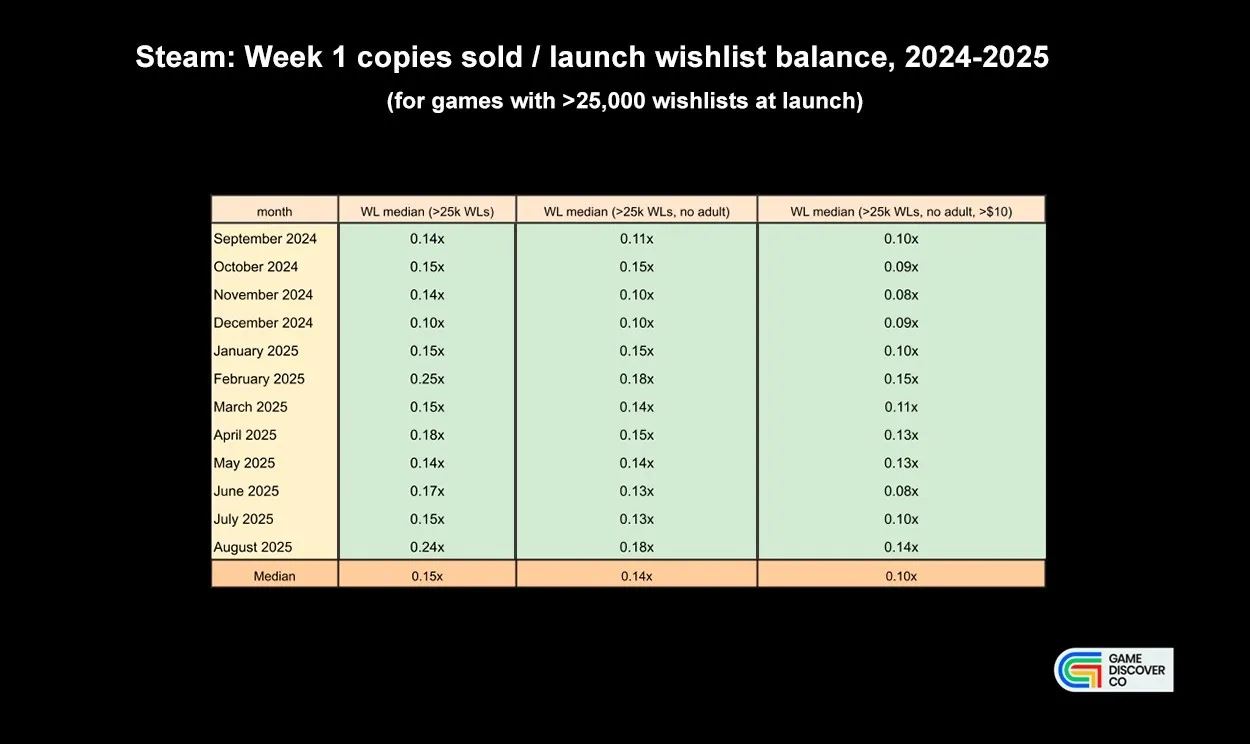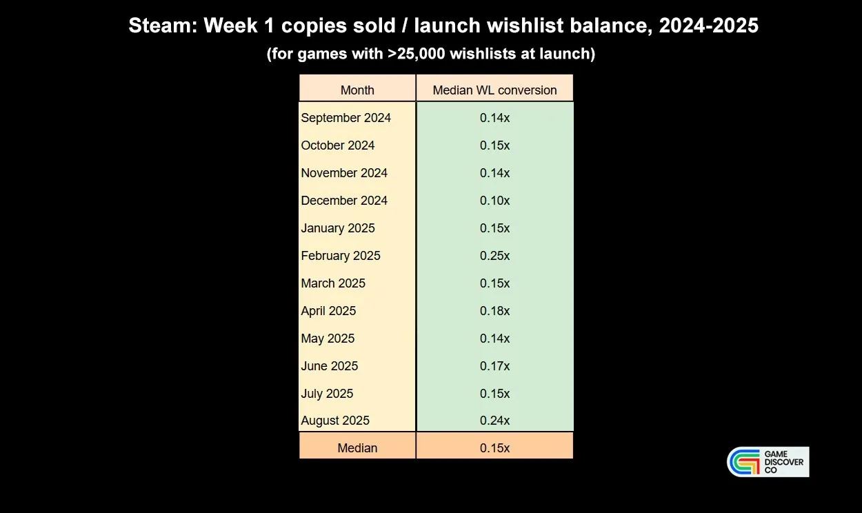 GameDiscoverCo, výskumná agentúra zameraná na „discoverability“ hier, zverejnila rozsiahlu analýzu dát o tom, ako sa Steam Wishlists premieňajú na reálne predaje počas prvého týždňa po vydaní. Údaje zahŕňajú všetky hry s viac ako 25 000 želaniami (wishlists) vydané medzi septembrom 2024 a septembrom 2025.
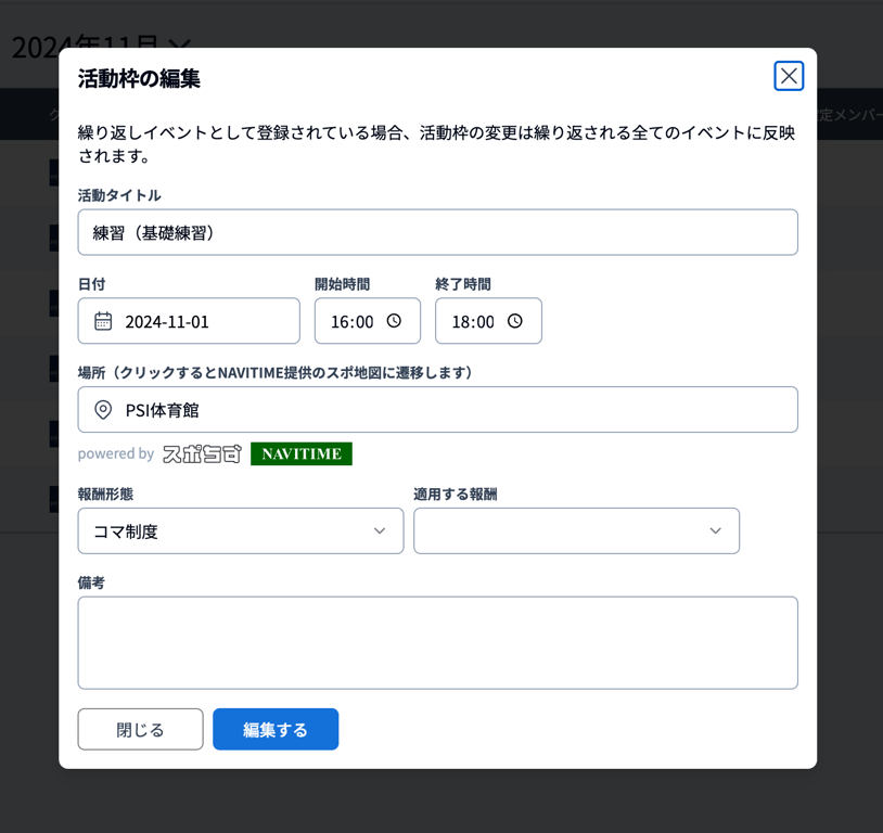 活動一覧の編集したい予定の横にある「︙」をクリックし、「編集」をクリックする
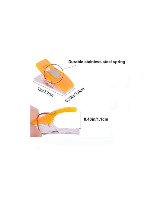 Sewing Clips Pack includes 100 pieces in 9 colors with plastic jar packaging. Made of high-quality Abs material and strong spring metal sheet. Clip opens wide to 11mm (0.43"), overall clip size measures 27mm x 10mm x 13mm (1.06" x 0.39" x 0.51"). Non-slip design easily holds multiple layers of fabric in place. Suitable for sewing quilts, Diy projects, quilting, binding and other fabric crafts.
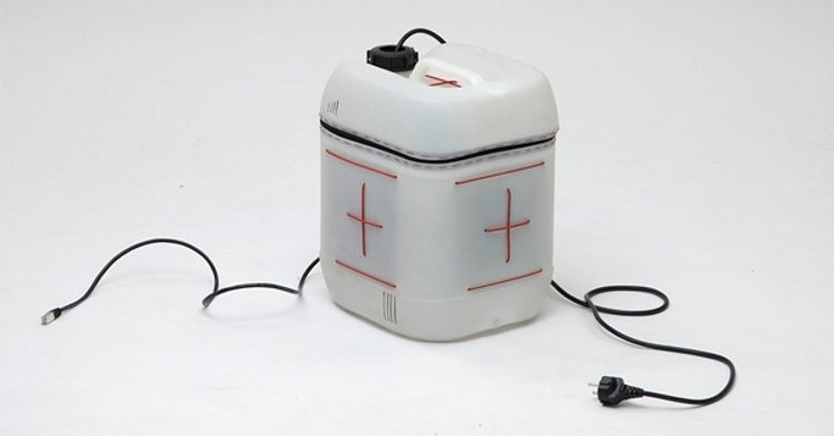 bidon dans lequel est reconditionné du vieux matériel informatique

- TASK STATEMENT: Wherever an image sits in the data, omit it; everything else must be copied exactly.

- YOUR SOLUTION:
 GameDiscoverCo, výskumná agentúra zameraná na „discoverability“ hier, zverejnila rozsiahlu analýzu dát o tom, ako sa Steam Wishlists premieňajú na reálne predaje počas prvého týždňa po vydaní. Údaje zahŕňajú všetky hry s viac ako 25 000 želaniami (wishlists) vydané medzi septembrom 2024 a septembrom 2025.
 活動一覧の編集したい予定の横にある「︙」をクリックし、「編集」をクリックする
 Sewing Clips Pack includes 100 pieces in 9 colors with plastic jar packaging. Made of high-quality Abs material and strong spring metal sheet. Clip opens wide to 11mm (0.43"), overall clip size measures 27mm x 10mm x 13mm (1.06" x 0.39" x 0.51"). Non-slip design easily holds multiple layers of fabric in place. Suitable for sewing quilts, Diy projects, quilting, binding and other fabric crafts.
 bidon dans lequel est reconditionné du vieux matériel informatique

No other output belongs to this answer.